En cuanto a las personas jurídicas, el Tribunal Constitucional ha señalado que la mención genérica a los
españoles las comprende tanto a ellas como a las personas físicas, sin perjuicio de que siendo las
primeras una creación del legislador, éste pueda introducir, al regularlas, alguna condición o límite.
Por ello y para reclamar la plena eficacia del derecho, quien sostenga que se le trata de modo diferente
o desigual en el ejercicio de un determinado derecho o interés legítimo deberá, en primer lugar, indicar
respecto de qué situaciones jurídicas correspondientes a otros sujetos o grupos se le da dicho trato.
Deberá aportar un tertium comparationis, esto es, un término de comparación con el que se considere
en situación equivalente. La función del tertium comparationis es asegurar que quien pretende ser
tratado igual que otro está realmente en una situación equiparable respecto de éste como término de
comparación.
El TC señala que para que la diferenciación introducida por la norma no se repute discriminatoria, debe
existir una «justificación objetiva y razonable» de tal diferenciación, y esa justificación se dará cuando
se cumplan los siguientes requisitos:
➢ Una finalidad constitucionalmente admisible: debe poder discernirse una finalidad no contradictoria
con la Constitución.
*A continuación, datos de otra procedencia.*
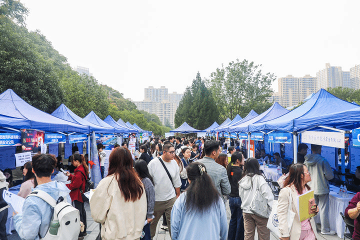 9月25日上午,由ac米兰官网与西安市人力资源和社会保障局联合主办的2026届毕业生秋季综合类招聘会在校图书馆广场顺利举行。党委副书记任晖到现场指导,同招聘单位代表和毕业生亲切交流,并表示学校将全力为毕业生就业提供支持与保障,助力每位学生实现顺利就业。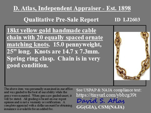 Vintage Knot Chain, 18kt Yellow Gold 25"
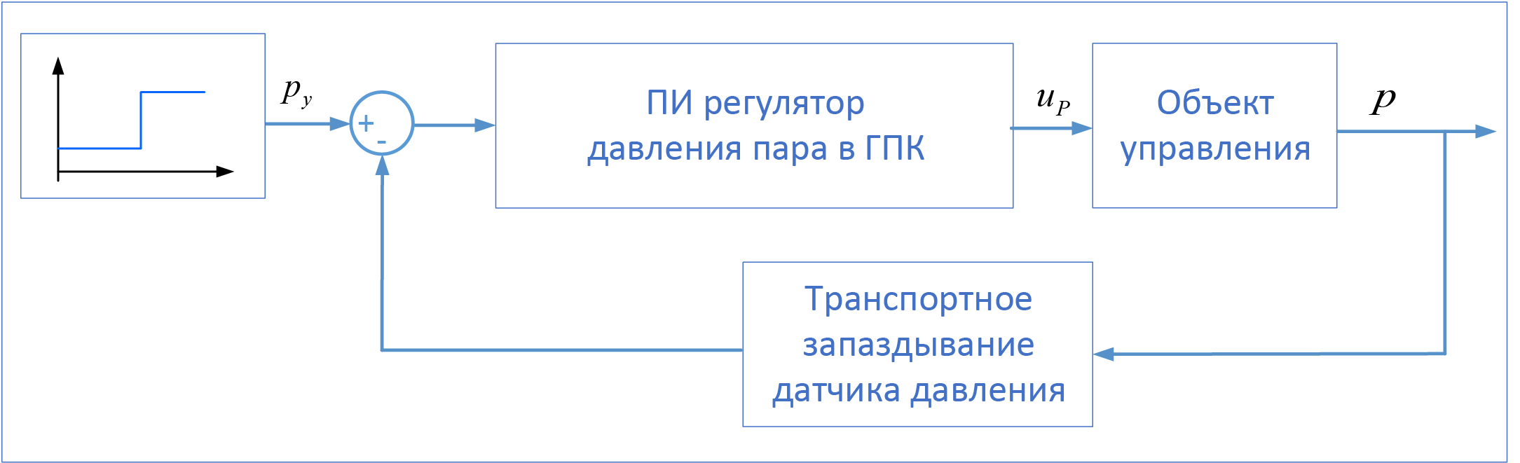 Уравнение регулятора давления пара в ГПК можно представить в виде: \[(p_y-p)\cdot K_p+ K_i\int_0^t (p_y-p)dt=u_p,\] где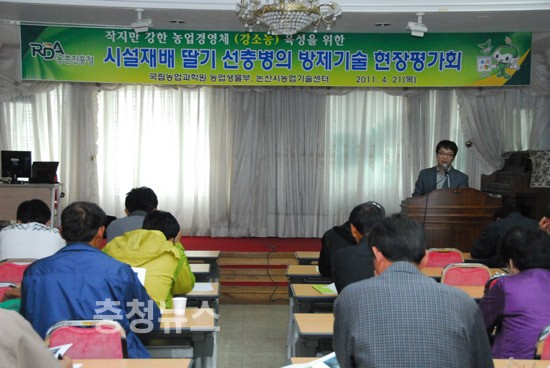 논산시(시장 황명선) 농업기술센터와 국립농업과학원은 공동으로 지난 21일 『녹비를 활용한 딸기선충병의 친환경적 방제기술』의 현장 적용 연구에 대한 평가회를 현장기술지원단과 농업인 등 관계자가 참석한 가운데 개최하였다.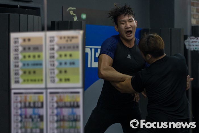 (서울=포커스뉴스) 오는 21일(한국시각) 미국 라스베이거스 T-모바일 아레나에서 개최되는 UFC-202에 출전해 러시아 출신 술탄 알리예프를 상대로 웰터급 경기가 예정된 임현규(왼쪽)가 3일 오후 서울 서대문구 TAP복싱 & 레슬링에서 레슬링 훈련 하고 있다.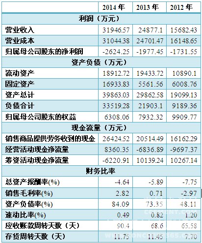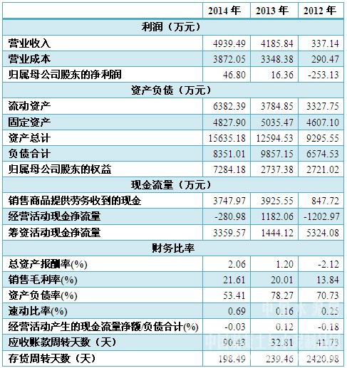 從公司的各項(xiàng)財(cái)務(wù)指標(biāo)來看,其盈利能力及營運(yùn)能力指標(biāo)處于整個(gè)水泥、混凝土及制品行業(yè)中等偏弱的水平,但與有管樁生產(chǎn)的上市企業(yè)比較,其產(chǎn)品銷售毛利率算是較高水平(2014年柘中建設(shè)管樁銷售毛利率11.11%,塔牌水泥管樁銷售毛利率10.86%,中技控股管樁銷售毛利率9.52%)。 從各項(xiàng)財(cái)務(wù)指標(biāo)的縱向?qū)Ρ葋砜矗?014年公司的盈利能力、資本結(jié)構(gòu)、償債能力及營運(yùn)能力較2013年均有明顯好轉(zhuǎn),成長性可期。 中天管樁(832330.OC) 公司簡要介紹: 中天管樁成立于2007年,2007年底生產(chǎn)線投產(chǎn),2010年蕪湖第二條生產(chǎn)線建成投產(chǎn),2012年10月與偉星集團(tuán)正式合作,2013年江蘇楊泰公司動(dòng)工,2014年8月江蘇楊泰公司第一條全自動(dòng)化生產(chǎn)線投產(chǎn)。2014年底完成股份制改革,2015年4月16日成功掛牌新三板。 公司控股股東為安徽偉星置業(yè)有限公司(由中國偉星集團(tuán)、浙江偉星房地產(chǎn)開發(fā)有限公司共同投資組建),持股比例為40%,為公司實(shí)際控制人;公司董事監(jiān)事及高級(jí)管理人員持股31.8%。董事會(huì)7名成員中包括董事長在內(nèi)的4名成員曾就職于安徽偉星置業(yè),1名(總經(jīng)理)曾任建華管樁集團(tuán)副總裁。偉星集團(tuán)培養(yǎng)了兩個(gè)中小板上市公司--偉星股份和偉星新材,中天管樁新三板成功上市,可以大膽預(yù)測(cè)未來如果能夠成功跳入主板,將成為偉星集團(tuán)旗下第三家上市公司。 公司財(cái)務(wù)狀況: 2014年公司由于新生產(chǎn)線的投產(chǎn),銷售收入大幅增長,但由于成本過高,歸屬母公司股東的凈利潤仍呈虧損狀態(tài)。截止到2014年底,公司流動(dòng)負(fù)債高于流動(dòng)資產(chǎn),短期償債風(fēng)險(xiǎn)較高。
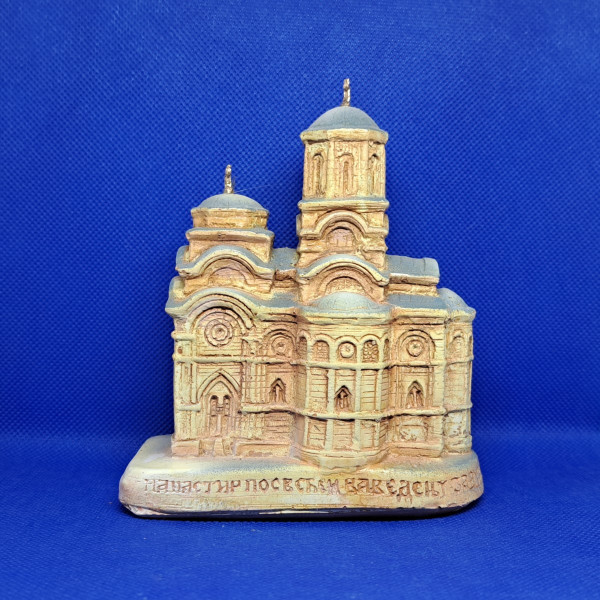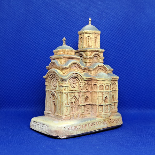 Maketa manastira je ručni rad, napravljena od tvrdog gipsa i ručno dekorisana.

Debe existir ausencia de contradicción entre el fin perseguido y la norma
constitucional, y en particular con los valores y derechos que ésta recoge y protege.
➢ Congruencia entre las normas sujetas a comparación: dicha estructura coherente apunta a la
adecuación o congruencia entre el tratamiento desigual que se dispone y la finalidad
constitucionalmente legítima cuya consecución se persigue mediante el establecimiento de la
diferencia.
➢ Proporcionalidad con el fin perseguido: este requisito exige que los medios adoptados para
conseguir el fin sean proporcionados en relación con la consecución de dicho fin o que tales medios
que se traducen en un trato desigual no sean exagerados, desproporcionados.
Finalidad constitucionalmente legítima, congruencia (o coherencia) normativa y proporcionalidad son
los tres elementos que han de concurrir obligatoriamente para que el trato desigual tenga una
justificación objetiva y razonable y no sea, por contra, constitutivo de discriminación.
Las medidas de discriminación inversa y de acción positiva son dos formas de llevar lo anterior a sus
últimas consecuencias y de poner la acción de los poderes públicos al servicio de la tarea de acabar
progresivamente con situaciones históricamente enraizadas de discriminación de determinados
colectivos. Tanto la discriminación inversa como la acción positiva lo que pretenden es, precisamente,
introducir un trato diferente basado en los criterios del artículo 14 para favorecer a los colectivos que
tradicionalmente han sido discriminados por razón de nacimiento, sexo, raza, religión, opinión…
Las medidas de acción positiva son aquéllas que, mediante ayudas, incentivos y estímulos diversos, se
dirigen a mejorar directamente la situación de los miembros de colectivos tradicionalmente
discriminados por cualquiera de las causas del artículo 14. Es importante que se formulen
cuidadosamente y con conocimiento preciso de sus objetivos y de sus efectos, pues de lo contrario
pueden generar el efecto de potenciar la percepción que la sociedad o amplios sectores de la misma
puedan tener de un colectivo como diferente o desfavorecido.
Distintas de las medidas de discriminación inversa son las normas protectoras que se basan
implícitamente en la consideración de un grupo o colectivo como inferior o más débil que otro y que por
ello le someten a un régimen protector que no hace más que perpetuar la situación de desigualdad de
ese grupo.
3.6. LA IGUALDAD EN LA APLICACIÓN DE LA LEY
Si la noción de igualdad en la ley remite al examen del contenido de la norma, la noción de igualdad en
la aplicación de la ley exige dar un paso más y examinar cómo la norma es aplicada por aquéllos que
están llamados a hacerlo: en concreto, la Administración y el Poder Judicial.